Friday, August 19, 2005

Fran Pridham

Been away for a bit. A weekend in the Lake District and personal stuff to sort out. Anyway, I thought I'd come back with a couple of poems by Fran Pridham, who's my fellow editor on Brando's Hat. Here's what Amanda Dalton said about her:

'Fran Pridham creates vivid domestic landscapes... Weaving through these places are her often painful explorations of emotion and relationships. The poems enter dark territory as they look at transience and our attempts to cope with loss; eruptions of violence, and a sense of the alone. But these are not entirely bleak poems: Pridham writes of hope, of moments of beauty, the leveling common-sense of children and the 'oneness' "sometimes unexpectedly" discovered..."
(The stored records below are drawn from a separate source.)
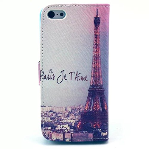 Welity Retro Eiffel Tower PU Leather Wallet Type Magnet Design Flip Case Cover Credit Card Holder Pouch Case for Apple iPhone 5C and one gifts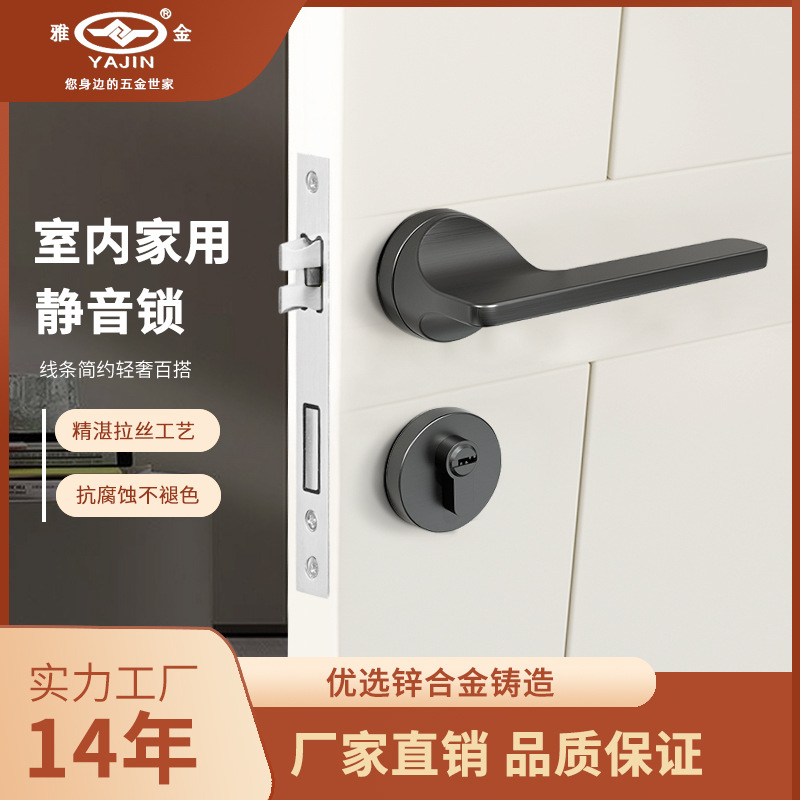 Khóa cửa trong nhà phòng ngủ Khóa cửa phòng màu đen chia khóa tay cầm hợp kim kẽm khóa tối giản hút từ không ồn Khóa cửa. Khóa cửa nhập khẩu theo yêu cầu.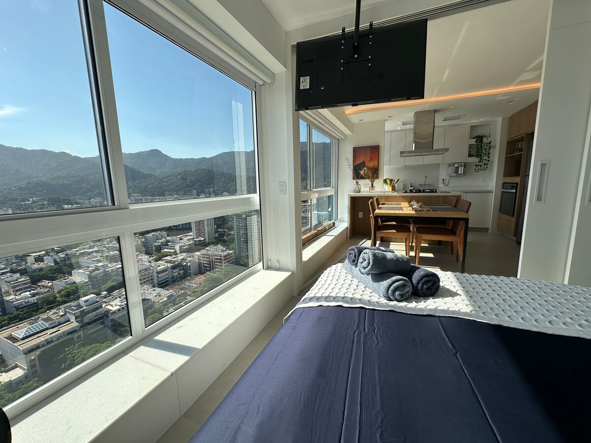 이파네마의 새로운 럭셔리 듀플렉스 펜트하우스 (100m2): 2명에게 이상적입니다. 온수 수영장이 있는 전용 옥상 테라스와 세련된 바비큐 공간, 시설이 완비된 주방, 그리스도상의 놀라운 전망을 자랑합니다! 고급 모던 가구와 장비를 갖춘 디자이너가 투영한 독특하고 세련된 장소입니다. 숙소는 완전히 자동화되어 있습니다. 해변에서 도보로 5분 거리에 있으며, 주민과 게스트를 위한 공용 수영장이 있는 공용 작업 공간, 세탁실, 테라스가 있는 새로운 세련된 건물에 있습니다.

Air to breathe, water to swim

The sea breathing on the
shore
in deep asthmatic stone filled breaths
like winter breathing,
sucking warmed air
through rough blankets to ease
constant chest pain
and the cough.

Scrubby wind tugged daisies, leaf stripped
growing in
the slag and coughed up mine dust;
coal rimmed eyes and blue scars that are
not water washed.

Deep sea diving to swim away
the trapped and
breathless sweat of mining.
Finding no clear sunlit water playing
in the
rock filled bladder wrack pools,
only blocked sewage pipes in the harbour's
silted depths.

Alien suited and spluttering
on the man made gas
bubbles, a reckless wish
to wash life away in alcohol-stained
breathing in of man made lead.

Sunday Praise

Each cup of tea he makes she leaves undrunk;
she says he cannot even
tie his laces well.

They meet, eat tacos, sour cream and read
the
papers spread across the table top.
Sunday passers by can glance and through
the steamy cafe's window blur make out
the leather jacket of a man who
eats;
the dark hair of a woman move to turn
and call the waitress for a
glass of milk.

Unremarkable and yet she knows
his flesh; it's
searching movements
which remind her of the oneness that
sometimes,
unexpectedly she can possess.


There's a beautiful poise about her poems, though sometimes they seem almost unbearably sad, and at occasional times almost unbearably happy.